Mas hoje acordei assim, F. Pensando nesta história de amor romântico. Cheguei na sala e Alberto colocava um disco de jazz no som, baixinho, com medo de me acordar. E fiquei lembrando de quantos Romeus já passaram na minha vida. O namoro começava,eu apostava que era aquele e os dias iam, o sentimento crescia, diminuía, morria. E a vida continuava e mais dias passavam, meses talvez, e outro chegava pela porta.
Agora Alberto está aqui. Sem cavalo branco ou escaladas noturnas. E meu coração se sente reconfortado.
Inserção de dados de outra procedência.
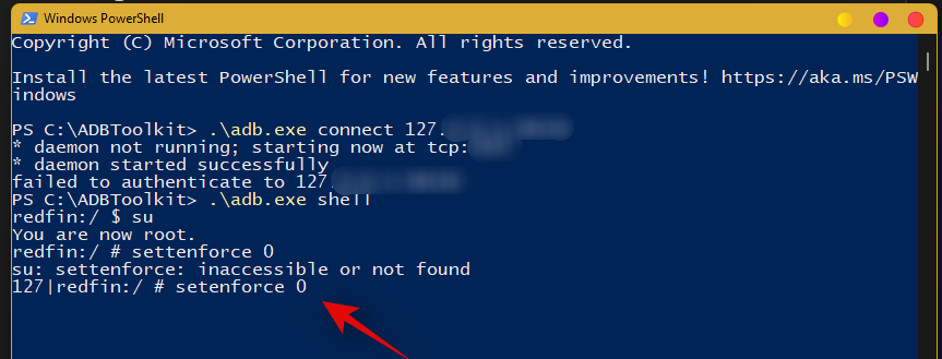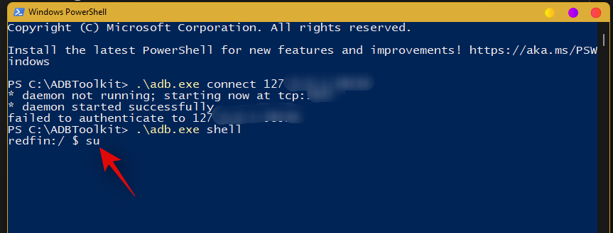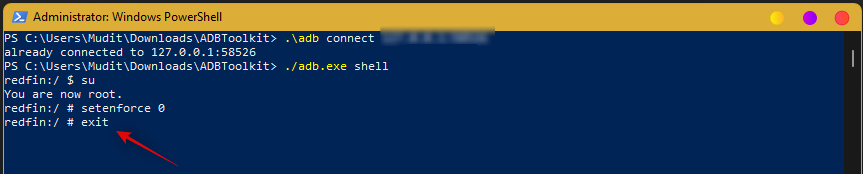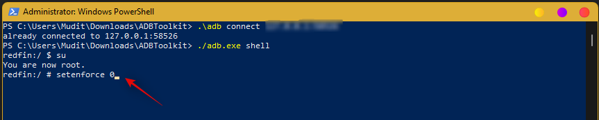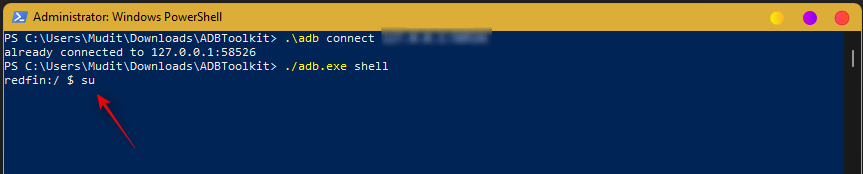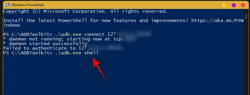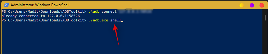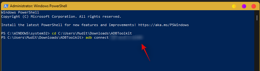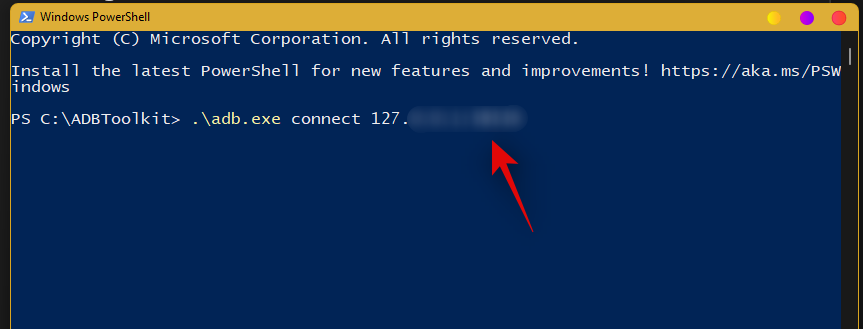 执行下面给出的命令来启动和连接 ADB。将“地址”替换为复制到剪贴板的地址(从上面)。

E dá uma paz enorme saber que ele faz parte da minha rotina. Se só agora encontrei o amor da minha vida? Hoje Romeu e Julieta é só mais uns dos livros que tenho na estante. Ainda acho bom, é verdade. Mas tenho a certeza de que a única solução possível para que o amor da dupla permanecesse eternamente lindo, foi a morte. Sábio Shakespeare. E, só agora, na casa dos cinquenta, descobri isso.
Até,
M.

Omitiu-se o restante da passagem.